Introduction

bayesian_models is a library born out of need to balance model reusability with model flexibility. Written from a ‘wet lab’ scientific perspective, it aims to make bayesian inference accessible to a wider audience with possibly limited or even no expertise in the field. A lab scientist will typically devote most of their time and resources to process of collecting the data, since unlike many ‘programmatic’ datasets (be it clicks, economic data, online text etc) scientific data are very expensive to produce, both literly and figuratively.

While pymc is a very powerfull and flexibly tool for bayesian inference, it maintains its flexibility by defering to the user for the process of specifying the model itself. Yet, model building is fairly sophisticated and specialized field, often outside the field of expertise of most scientists. Since most scientists can devote relatively litle time to the process of modeling itself they tend to defer to ‘premade’ estimators, that apply a specific model to some dataset.
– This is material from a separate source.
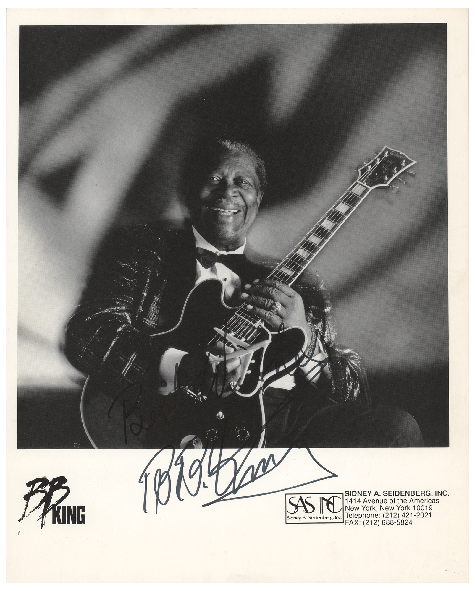 Glossy 8 x 10 publicity photo of King posing with his beloved Gibson guitar Lucille in a half-length pose, signed in black felt tip, "Best wishes, B. B. King." In fine condition, with a few small surface creases. Accompanied by a certificate of authenticity from Tracks.

A good example of this the scikit-learn library, which offers a wide selection of common models for various tasks, through a simple, common API. This package aims to provide similar functionality but from a bayesian perspective. Key objectives is to provide as wide of selection of models as possible, while minimizing the amount of specialized technical knowledge needed to understand implementation details. At the same time, real world scientific data are often messy and scientists often need to extract diverse information from datasets, considering how expensive they are to generate. On the other hand, different research areas will have difference requirements, such that the models need to allow for more complex specification and to be able to adapt to the needs of the analysis.

Scientific also has many special requirements, foremost among them robust uncertainty estimates and interpretability. The machine learning community often disregards these two requirements focusing more of actionable results. To a scientist however, understanding how a physical system operates is just as important as making correct predictions. In fact, predictions are often an afterthought, only serving as evidence in favor of the hypothesis represented by the model itself.
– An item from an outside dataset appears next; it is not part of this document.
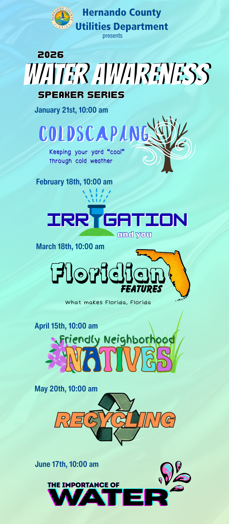 Join us at the Hernando County Utilities Department to hear from expert speakers on a variety of topics related to water!

There is of course a vast array of statistical models available, and not all can be reasonably implemented and maintained. Which models get selected for implementation is something of an ad-hoc process. However this library is written explicitly from the perspective of bayesian inference and is really just a convenient wrapper around pymc itself. Some models and statistical technique are explicitly outside the scope of this library, generally because they are either frequentist or are “algorithmic” (i.e. Support Vector Machines, Partial Least Squares, etc).
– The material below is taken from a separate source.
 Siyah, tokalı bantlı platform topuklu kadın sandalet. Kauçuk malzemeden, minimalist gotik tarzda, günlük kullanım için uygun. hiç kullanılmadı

In summary the key design goals of this project are to provide, prebuilt model implementations, that can operate “out-of-the-box” with as litle tinkering as possible, while enabling more specialized users to dive deeper and alter aspects of the general model itself, according to their specific needs. Data are cannot be assumed to derive from software sources, which may require decoupling the data-generating process itself from the software. For example many bayesian optimization packages couple the cost function evalutation process to the software itself, which hinders application of this “model” to scientific experiments, since there the evalutation itself is a physical process.

Errors

Bearing in mind the fact that this library does not assume much prior knowledge, especially technical knowledge on the part of the user, informative error messages are important. Several libraries, including pymc itself are pretty (in)famous for their sometimes cryptic error messages. Where possible, error messsages should list the received problematic input or value and the expected value itself. Where possible, underlying errors should be wrapped rather than be allowed to bubble up to the user, with custom error types, where feasible.